We started with the carpaccio di tonno (thin-sliced raw tuna), which was excellent; the carpaccio al funghetto (sliced raw beef with mushrooms), which was also delectable; and the calamari in pardella - that is, coated in polenta. It arrived looking like a pile of rubber bands, so thinly sliced was it, but every piece was tender and delicious. What's more, the polenta didn't get in the way.


Brian's prawns, from the specials board, were served on Italian flat bread, rather like an Italian wrap, topped with salad and Italian mayonnaise. He gave me one and it was great.

But it was Andrea's scamorza al forno, a melted cheese concoction liberally sprinkled with black truffles, that won the day. It really was brilliant.

Our wines were excellent too.

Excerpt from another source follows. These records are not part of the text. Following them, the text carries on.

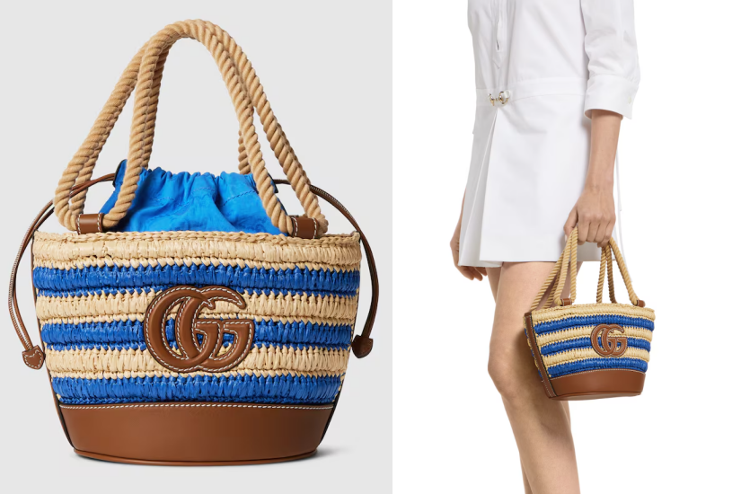 這款 Gucci 手袋款呈現獨特的拉菲草細節,藍色和自然色的拉菲草打造出條紋效果,與光滑的皮革飾邊碰撞,鮮明搶眼,適合不同的夏日風格的造型!
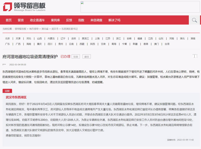 人民網(wǎng)武漢3月10日電 (周雯)陽春三月,正是踏青的好時節(jié)。武漢市東西湖區(qū)境內(nèi)的府河濕地公園正值枯水期,裸露的河床吸引很多市民前往踏青。“春季周末大量人員踏青致遍地垃圾,堤壩擁堵不堪,建議加強(qiáng)管理。”3月4日,有群眾在人民網(wǎng)“領(lǐng)導(dǎo)留言板”留言表示。對此,武漢市東西湖區(qū)立馬進(jìn)行了部署,并對該群眾的建議一一進(jìn)行了安排。
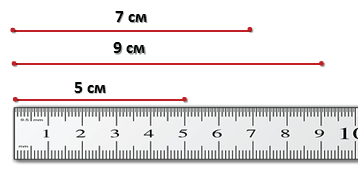 Начерти 2 отрезка: один на 2 см длиннее данного, а другой на 2 см короче данного.
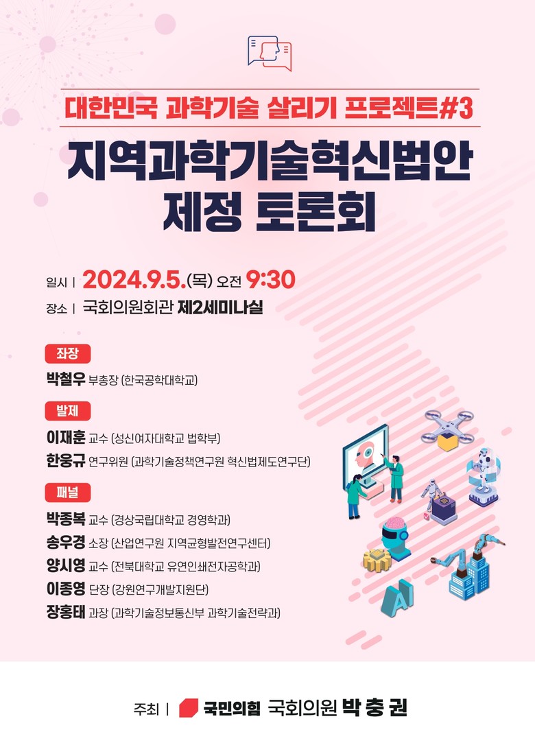 박충권 의원은 “ 과학기술이 침체된 지역에 활력을 불어넣고 , 과학기술 인재들이 지역에 정착하여 마음껏 연구할 수 있는 환경을 만들어 낼 수 있도록 법적 · 제도적 지원방안을 마련하기 위해 토론회를 개최했다 .” 라며 “ 이번 토론회에서 지역과학기술 주권 회복을 위한 건설적인 논의가 이루어지길 기대한다 ” 라고 밝혔다 .
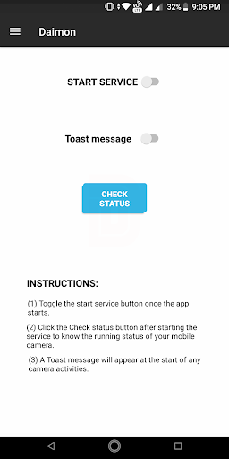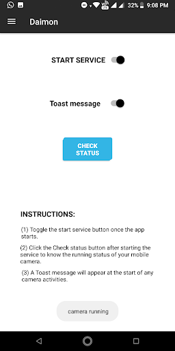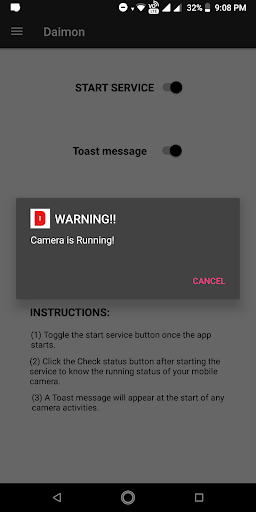 Attackers can embed malwares in harmless application apks.This app alerts the user when a payload or any other unwanted application tries to access the camera without users knowledge on the background where the users will never know the camera is running this app allows you to know the running status of
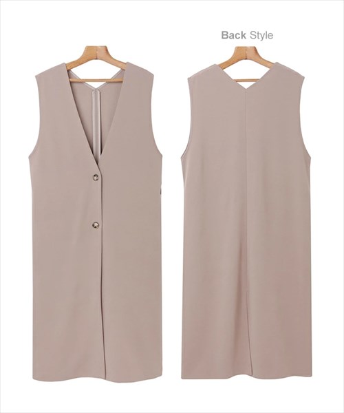 女性らしい深めのVネックがすっきりと美しいロングジレは

Those by the glass were generous (as was everything about this meal), while the bottle of Ferauds chardonnay shared by the men was good value at $45.

By now a second wave of diners was moving into the quickly cleared tables. One foursome arrived with a new baby in tow. It lay there in its stroller alongside the table, as its parents enjoyed a night on the town. And not a squeak.

Meanwhile I deliberated long and hard before passing on the special slow-cooked beef in favour of the scallopini al profumo di bosco, which translated to white veal with mushrooms. It's rare to find white veal in New Zealand. Mine arrived smothered in a mushroom sauce which sadly masked the flavour of the meat, but it was fork-tender and I enjoyed it anyway. Brian's agnello (lamb), which also came recommended, worked better.

The herbs lavishly sprinkled over the sauce were zingy and piquant, and together they jazzed up the meat. I realised only after I tried a mouthful that it was also served sizzling hot, while the veal could have had a little longer in the oven.

The pappardelle al ragu (pasta with beef ragu), which was good value at only $21, was huge and delicious. It, too, came sprinkled with truffles. Only the arrosto di maiale (pork belly) was a disappointment, which was a surprise for our guest who had eaten it twice before. This time it wasn't cooked to a point where the fat had melted right through the belly meat, and was a little tough and dry. Our one black mark for the evening.

As for the desserts, the tiramisu della casa was first class and the tartufo, which arrived as a large chocolate icecream ball, liberally dusted on the outside with powdered chocolate and with a heart of zabaglione, was terrific. We would return for that alone.

Our Meal: $378 for one bottle and five glasses of wine to go with five entrees and main courses, plus three desserts.

Wine list: An excellent list with plenty of Italian varieties to try. They also pour a generous slug for those who prefer to buy by the glass.

Verdict: Gusto Italiano is a true slice of alluring, excitable, beguiling Italy, plonk in the heart of Ponsonby. Although it feels casual and local, it's sophisticated at the same time, and you get the feeling they're always on for a party. Along with Frenchie next door, Gusto gives the old Ponsonby Village a real European feel with good, authentic Italian and French restaurants side by side.